[[ EXERCISE MATERIALS, beginning ]]
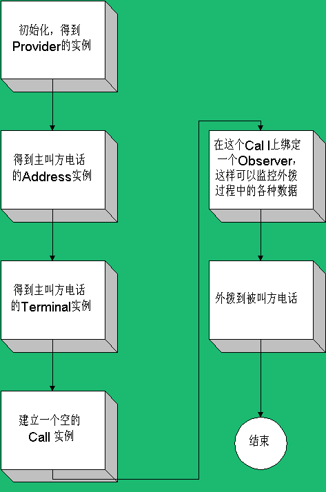 JTAPI利用OBSERVER的概念來進行各種消息處理。OBSERVER直譯過來是觀察者的意思,顧名思義,OBSERVER就是對每個呼叫對象進行“觀察”工作。它的工作流程是“綁定到專門對象》觀察專門對象》獲取專門對象的信息》分析并匯報專門對象的信息”。
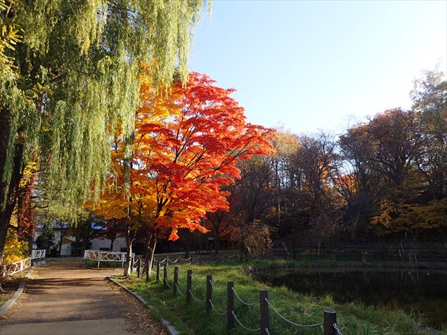 ボート池周りは、カエデの葉が赤や黄色に紅葉して、とてもきれいでした。
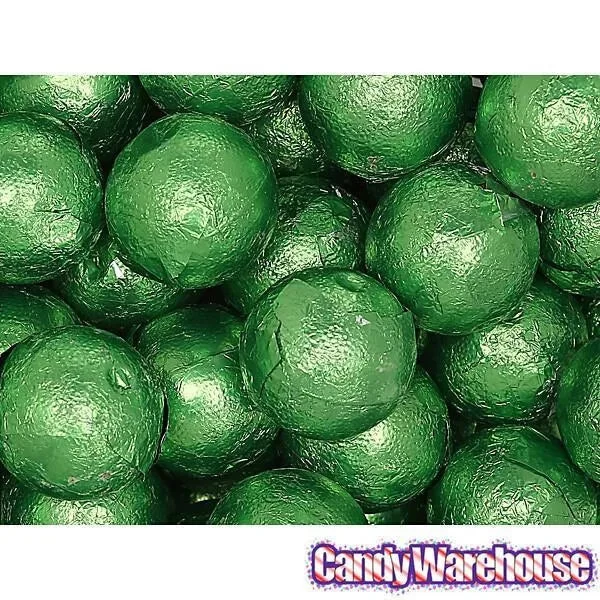 Bag contains 5 pounds of Kiwi Green Foiled Caramel Filled Chocolate Candy Balls.
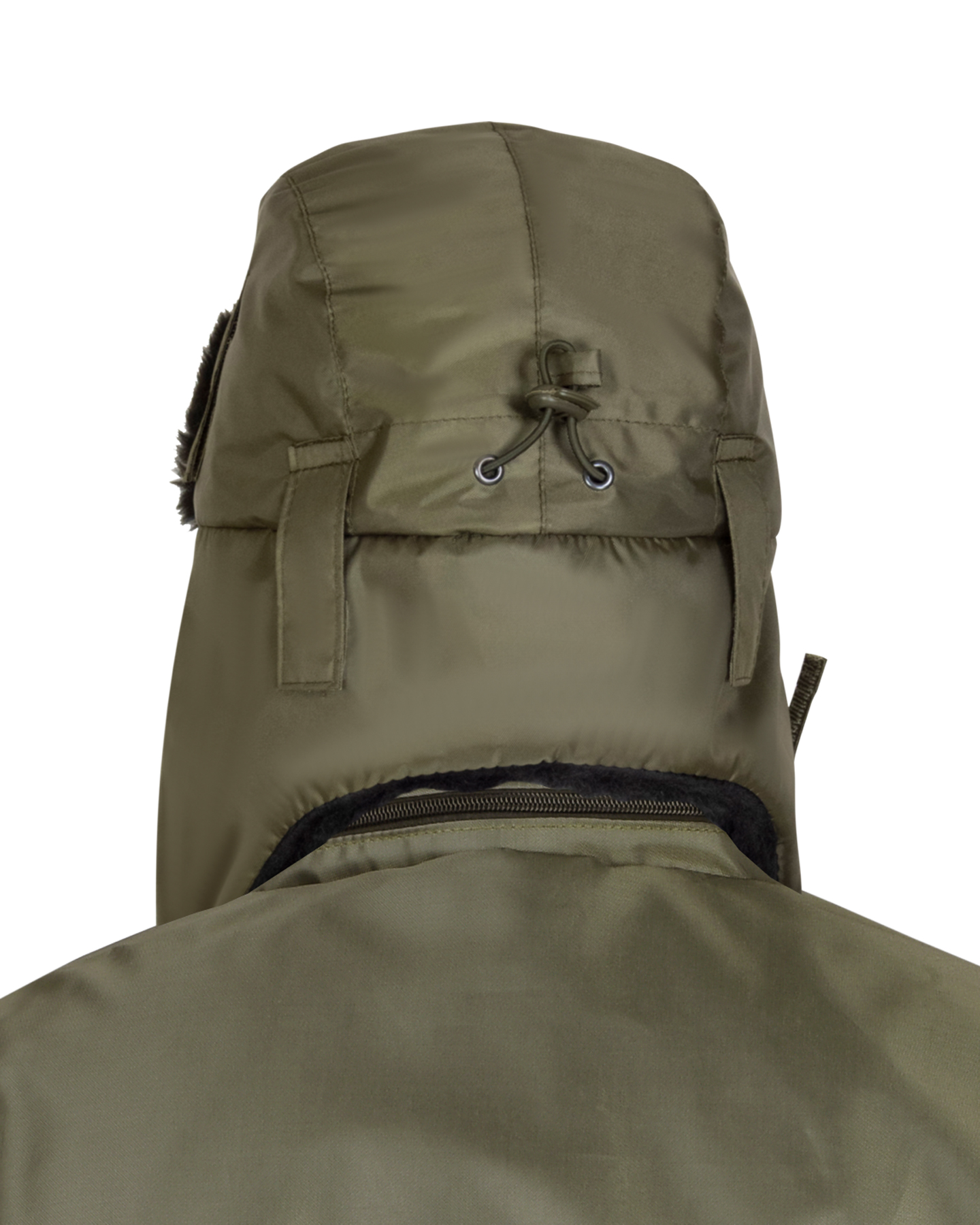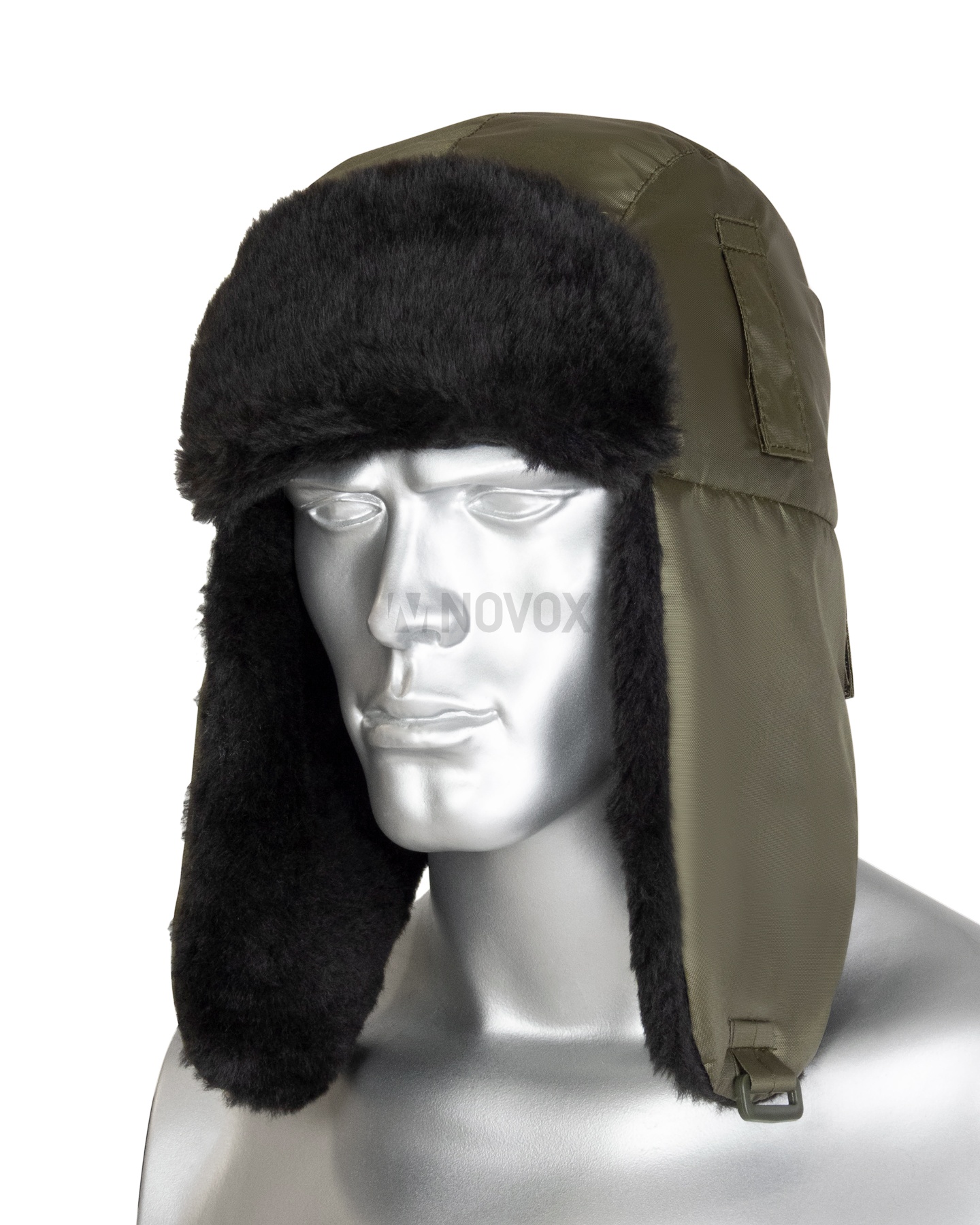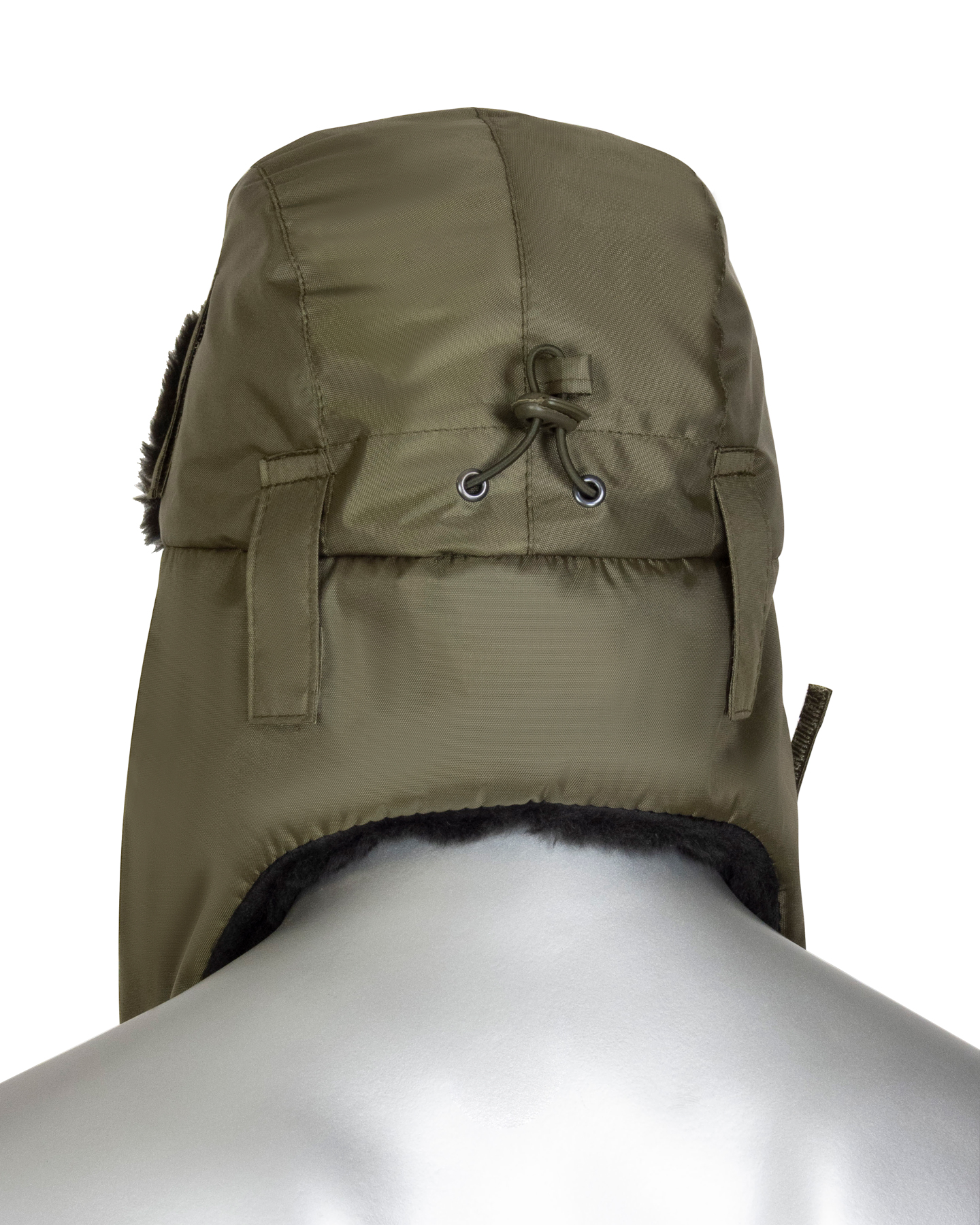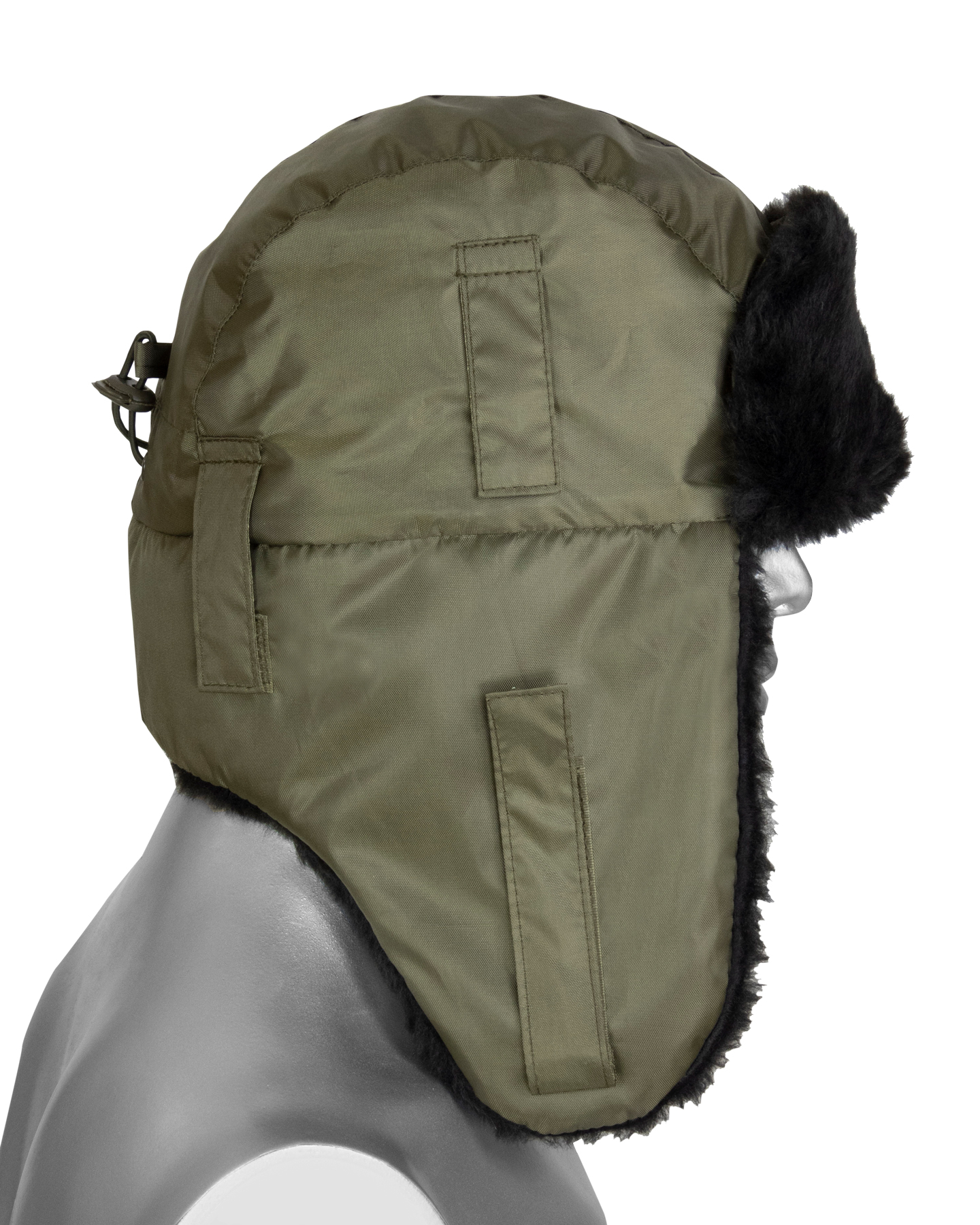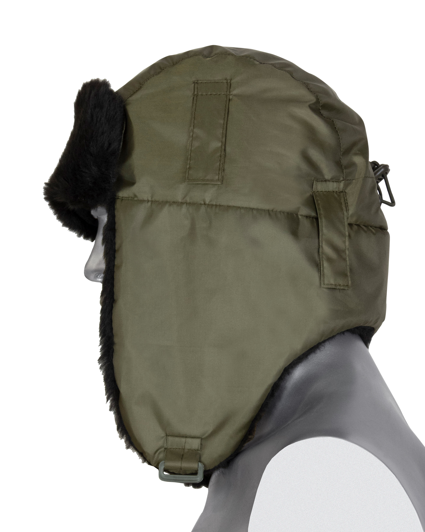 Шапка-ушанка зимняя хаки с искусственным мехом черного цвета. На затылочной части резинка для более плотного прилегания к голове. На боковых частях шлевки для крепления каски.
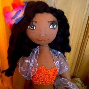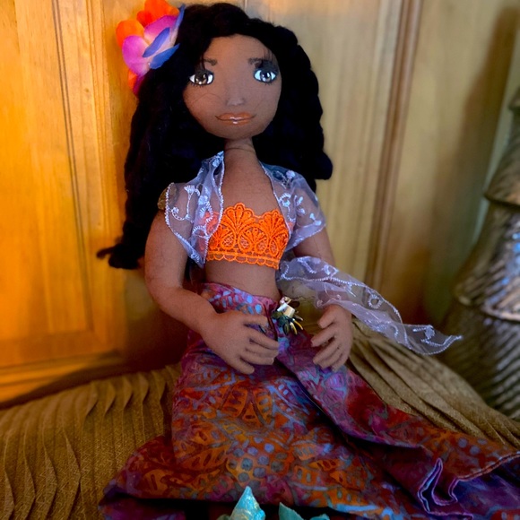 Another island princess,curly long hair,very tropical outfit with ribbon sandals. Handmade body and costume, hand painted face. Has been in Tupperware container since purchased. Thought maybe someone could enjoy her out of box. Open to trades. Thanks
[[ EXERCISE MATERIALS, end ]]
* ACTIVITY
Return only the lines running from the top of the data to the line that holds "Шапка-ушанка зимняя хаки". Include both of those lines, but skip the pictures.

* REPLY TO THE EXERCISE
 JTAPI利用OBSERVER的概念來進行各種消息處理。OBSERVER直譯過來是觀察者的意思,顧名思義,OBSERVER就是對每個呼叫對象進行“觀察”工作。它的工作流程是“綁定到專門對象》觀察專門對象》獲取專門對象的信息》分析并匯報專門對象的信息”。
 ボート池周りは、カエデの葉が赤や黄色に紅葉して、とてもきれいでした。
 Bag contains 5 pounds of Kiwi Green Foiled Caramel Filled Chocolate Candy Balls.
 Шапка-ушанка зимняя хаки с искусственным мехом черного цвета. На затылочной части резинка для более плотного прилегания к голове. На боковых частях шлевки для крепления каски.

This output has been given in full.